Being relatively unknown certainly served Isijola well when he shocked the powerlifting community three weeks ago, setting four records en route to claiming victory at the IPF Junior National Championship.

Just weeks beforehand, however, whether he would even compete was a doubt. After an intensive exam period, he was seven kilos over the required 120 kg limit for his chosen category: “I was just dieting trying to lose seven kg and I hated life. I was swimming like four times a week and was not enjoying it.”

His hard work paid off when the day of the competition came – just. “I got on the scale and I was legitimately at the weight limit. I was at 120 kg on the dot. If I drank water that morning I would have had to have run or something.”

The competition itself was a tense two-horse affair, with renowned Dublin City University powerlifter Mark Stell serving as Isijola’s Apollo Creed. The showdown started off close, with both powerlifters setting junior national junior records for squat. But having been out-performed on the bench press – Isijola admits this is his worst lift – he found himself down 30 kg in cumulative weight with one lift remaining – the deadlift.

Although this is his strongest lift, Isijola and his coach knew he would have to push himself to the limit in order to bridge the gap. To win, he needed to exceed his previous personal record by over 20 kg and deadlift an astonishing 320.5 kg.

There’s some people in the current IPF (Irish Powerlifting Federation) that I don’t like and I don’t want them to win, so spite – spite is a major motivator

Despite the mammoth task he set himself, Isijola succeeded. He pipped Stell by 0.5kg on the cumulative total, and secured third place overall in the open nationals competition.

Isijola, the mysterious and relatively unknown “Ghost of Irish Powerlifting”, set three junior records that day – squat, deadlift, and total – while also setting the open record for deadlift. Nobody else in the country at the 120 kg weight category has deadlifted more than he has.

The model athlete, he shrugs off the feat: “I wouldn’t really consider it that phenomenal. Like, I could definitely do more.”

His coach, Adam Philips, put Isijola’s achievement into perspective.
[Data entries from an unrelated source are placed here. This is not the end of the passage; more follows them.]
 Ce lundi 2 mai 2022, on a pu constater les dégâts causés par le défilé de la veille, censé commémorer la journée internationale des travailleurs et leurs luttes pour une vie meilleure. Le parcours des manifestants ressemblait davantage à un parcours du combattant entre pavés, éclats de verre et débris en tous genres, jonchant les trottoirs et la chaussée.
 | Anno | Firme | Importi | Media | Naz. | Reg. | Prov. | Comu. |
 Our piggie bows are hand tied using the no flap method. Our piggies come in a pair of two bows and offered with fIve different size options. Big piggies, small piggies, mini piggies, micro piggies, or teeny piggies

In an email to The University Times, he says: “Only a few years ago, a 320.5kg deadlift would’ve netted you worldwide renown and now we have a 19-year-old junior who’s only been in the sport for nine months, hitting that weight rather casually.”
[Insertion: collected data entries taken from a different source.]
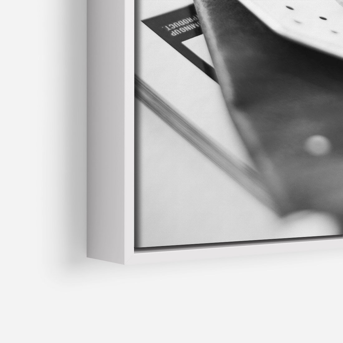 Obraz w ramie 80x120 - Makaroniki w Szarości - czarno biała fotografia, plakat - rama biała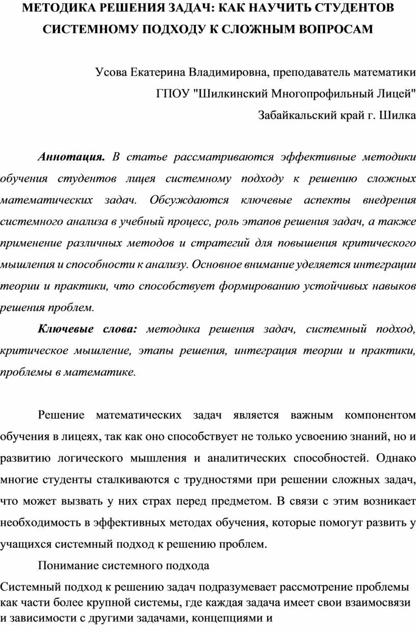 Ключевые слова: методика решения задач, системный подход, критическое мышление, этапы решения, интеграция теории и практики, проблемы в математике.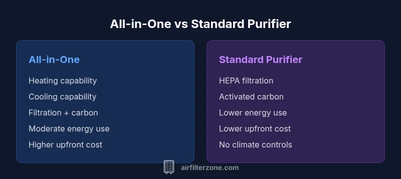 Compare all-in-one hot-and-cool air purifiers with standard purifiers. Learn how heating and cooling features affect filtration, energy use, safety, and maintenance to decide what's best for your home.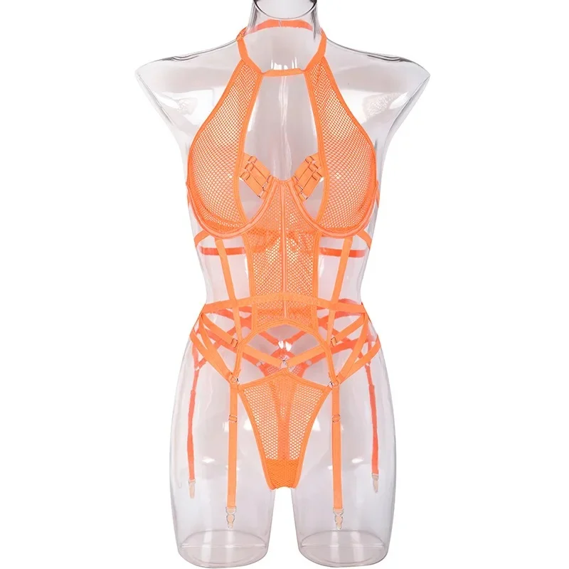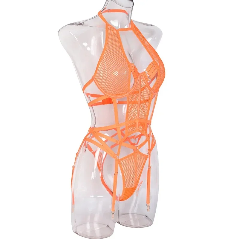 Yimunancy Cut Out Lingerie Set Women Backless 2-Piece Mesh Sensual Transparent Erotic Set

You don’t have to be of a particularly cynical disposition to ask questions of a guy who can deadlift 320.5 kg after only powerlifting for nine months. However, the IPF takes a strict stance against doping, and their regulations are in line with those of the World Anti-Doping Agency.

Isijola, though, is disgusted by doping, and lays to rest any doubts anyone might have when he explains that not only does he not want an unfair advantage, he also feels an obligation to those that might look up to him: “I don’t want kids to start taking steroids just for the health aspect of it. I don’t want to promote that at all.”
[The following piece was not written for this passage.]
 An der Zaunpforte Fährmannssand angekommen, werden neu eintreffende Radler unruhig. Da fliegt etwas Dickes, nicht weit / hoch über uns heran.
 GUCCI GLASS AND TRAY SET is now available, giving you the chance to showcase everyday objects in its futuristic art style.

Isijola says he approves of recently introduced methods on drug testing.

Alex Connolly for The University Times

After a recent AGM, the IPF announced that more thorough drug testing would be implemented moving forward. “I approve of the testing and I am very happy about that”, Isijola says.

I ask why he thinks it’s necessary, given he says he doesn’t think there’s much of a drug problem in Irish weightlifting. His response is assertive: “It’s better to be proactive than reactive.”

“Why not say: ‘We’re going to start drug testing now, so you shouldn’t take drugs because we’ll catch you’, versus: ‘Oh, we’re trying to catch up with the new developments in drugs.’ So no, they’re being proactive.”

The next IPF is intervarsities next month. Undoubtedly, all eyes will be on Isijola to see what mountains he can climb.

But for him personally, the top concern is beating Stell for a second time. To do so would solidify his qualification in the upcoming open international competition, set to be held in Belarus this June: “If I beat Mark Stell again I’ll definitely be going to worlds.”

Isijola points out that the accomplishment would officially make him “the best [of the] under-23s in Ireland” – a sizeable title for a sizeable man.